Material provided START

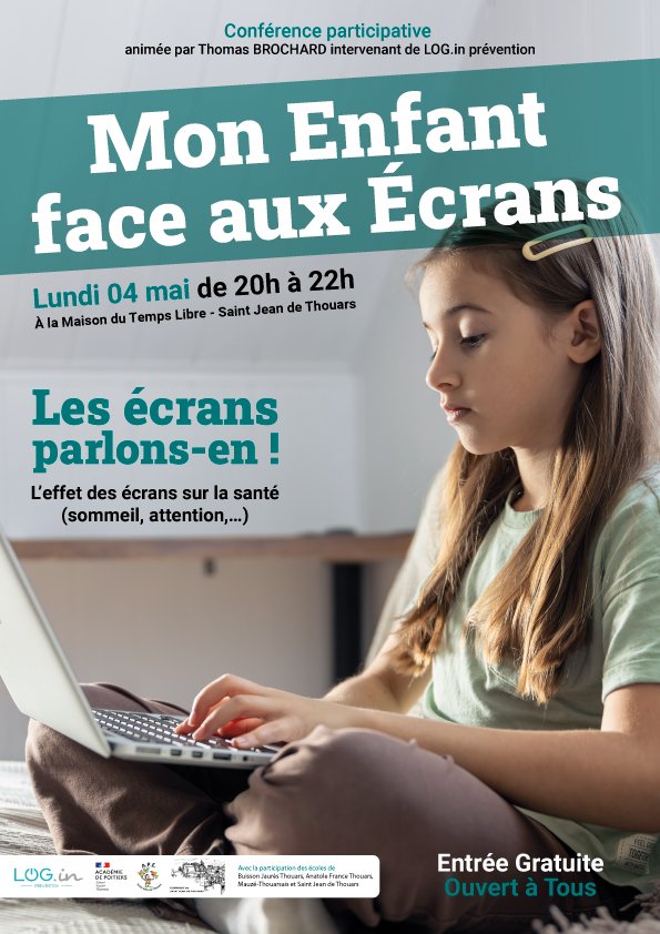Une conférence participative animée par Thomas Brochard (Log-in prévention) se déroulera le lundi 4 mai de 20h à 22h à la Maison du temps libre de St Jean-de-Thouars (voir affiche jointe). Organisée en collaboration avec l'Inspection de l'éducation nationale de Thouars, les écoles de Mauzé-Thouarsais, Buisson-Jaurès et Anatole-France, elle est ouverte à tous et gratuite !
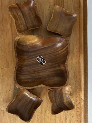 Vintage Leilani Monkey Pod Wood Salad Bowl Set (Set of 5)
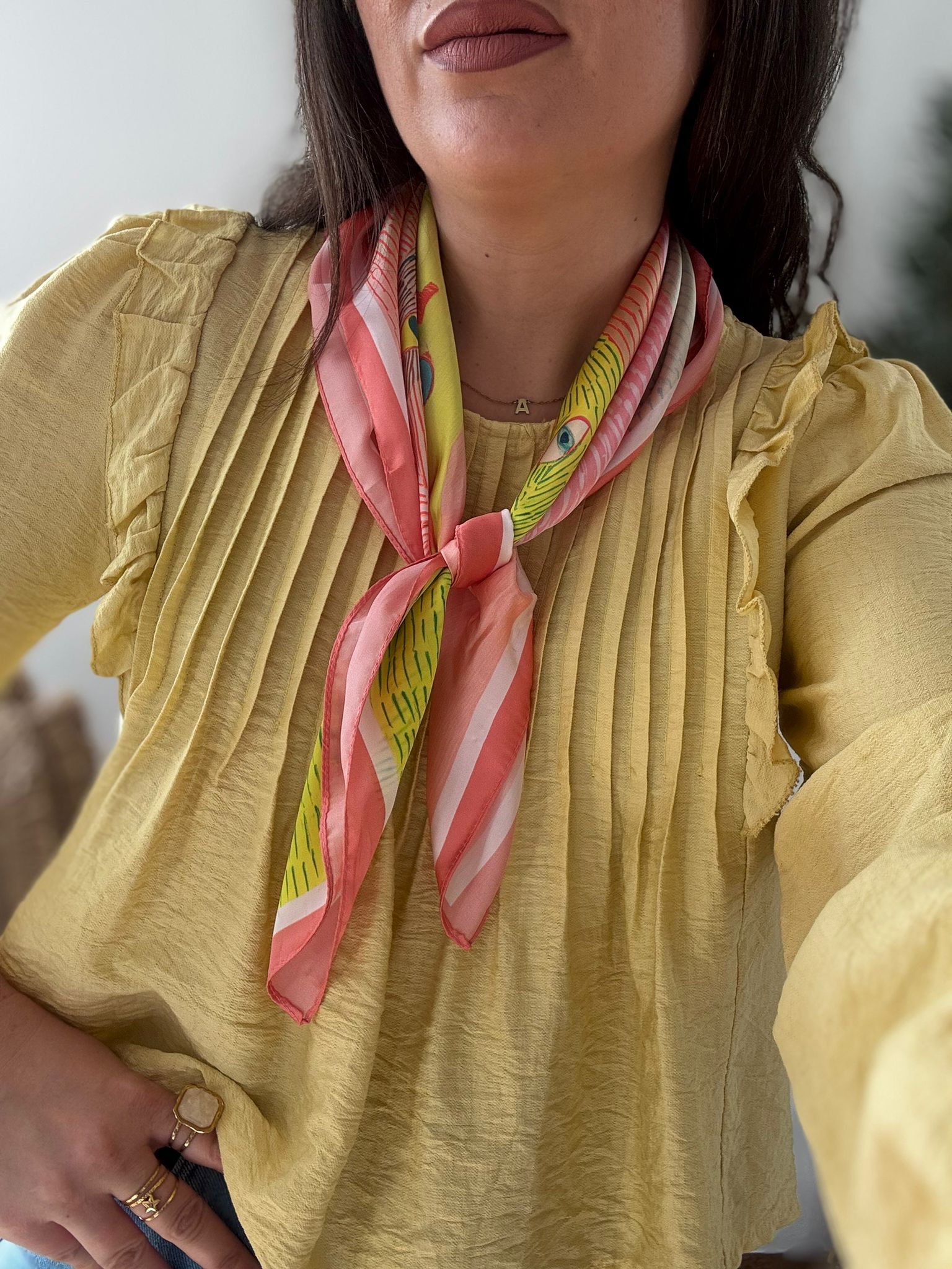 Pañuelo cuadrado satinado estampado de cuello

Material provided END

> [Work to complete]
Output each line above exactly as it stands, omitting the pictures.

> [Output of the exercise]
Une conférence participative animée par Thomas Brochard (Log-in prévention) se déroulera le lundi 4 mai de 20h à 22h à la Maison du temps libre de St Jean-de-Thouars (voir affiche jointe). Organisée en collaboration avec l'Inspection de l'éducation nationale de Thouars, les écoles de Mauzé-Thouarsais, Buisson-Jaurès et Anatole-France, elle est ouverte à tous et gratuite !
 Vintage Leilani Monkey Pod Wood Salad Bowl Set (Set of 5)
 Pañuelo cuadrado satinado estampado de cuello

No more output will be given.